The korean teachers all help me. they help me with so many things and enjoy talking to me. They look to me when any foreigner talks to them because they can't understand what Michael or Andrew is laughing about so I explain. They give me snacks, advice or help me fix problems but even though I have all of this I feel so alone.


having a family, sharing my life and walking down the path with my darling is all that I want. I am sad because I can't understand why I can't do more, or what I need to do. I live alone and I have lived alone for so long that sometimes I feel I was a bad friend or worse inhumane. maybe I had some bad manners or I have some bad concepts.

Maybe I think too much or maybe I am young as everyone so callously points out but I don't feel young. I strive for so much and will never stop at trying to be perfect or close to perfection as possible.

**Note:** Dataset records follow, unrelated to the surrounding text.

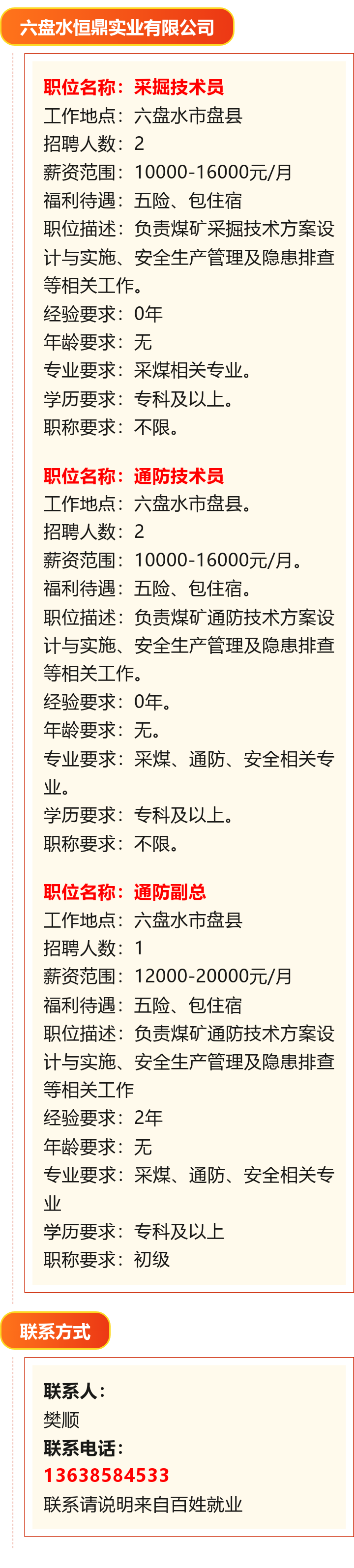 月薪10000~20000元!招聘采掘技术员、通防技术员等岗位!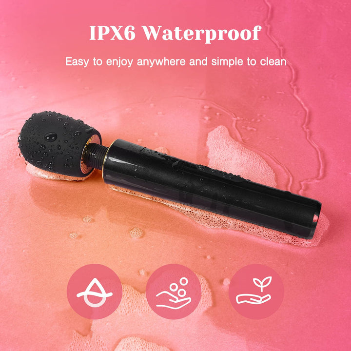 Diseño impermeable IPX6 y alimentado por USB-C: El masajeador de varita está hecho de silicona suave y materiales ABS, lo que facilita su limpieza y lo prepara para tu próxima aventura. El diseño recargable por USB significa que siempre está listo para complacer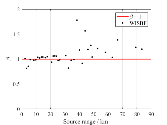 针对以上问题,中科院赢乐welcome声场声信息国家重点实验室的博士研究生刘昌鹏与其导师周士弘研究员等人提出了波导不变量维干涉条纹基波束形成器(waveguide-invariant-dimension striation-based beamformer, WISBF)和目标距离维干涉条纹基波束形成器(range-dimension striation-based beamformer, RSBF),可分别实现波导不变量和声源距离的解耦估计,解除了SBF在适用声源方位上的局限性,并用实验数据进行验证。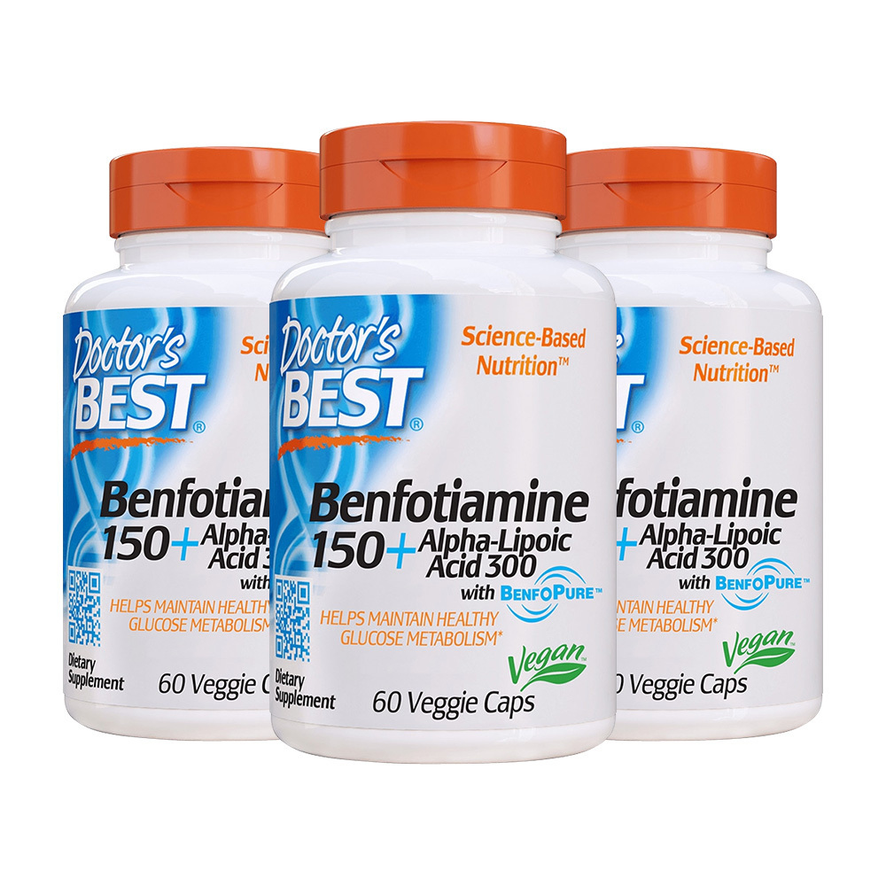 ベンポチアミン150 +アルファリポ酸300、60ベジカプセル 3個セット Benfotiamine 150 + Alpha-Lipoic Acid 300, 60 Veg Capsules

I told my class that I desired a friendship with everyone and together we can make this planet great. I can see past Korean bullshit or American egotistical thinking. No nation or person or ideology is perfect or better than any other. I have been blinded somewhere though because as naive as my ideas are... Maybe they are meant for a utopian society I still feel they are in grasp.


The place I belong is at my Girls side. I need the rain to hide my tears because there is so much I want to share and do but I am not sure how to do it.

Today my computer failed me, my friends and family all ignored my messages. I know they are busy but still its bothersome. I will keep trying and finding new doors.

As I said I am the youngest in the Academy. I am working 3 jobs. Sinpyeong, YBM and Saturday work. I am happy to have elevated myself to this position. I will do more in the months to follow and possibly I will transfer my work and skills to another Academy.

Living in Busan and making things work out with Christina is truly all I want. I just want our Happiness to reign over our world.

I hope you liked the story and aren't too sad I feel so much for you and I want the whole world to know just how much I love you and just how much I want to take care of you, take you away from a poor situation and be your confidente until I die.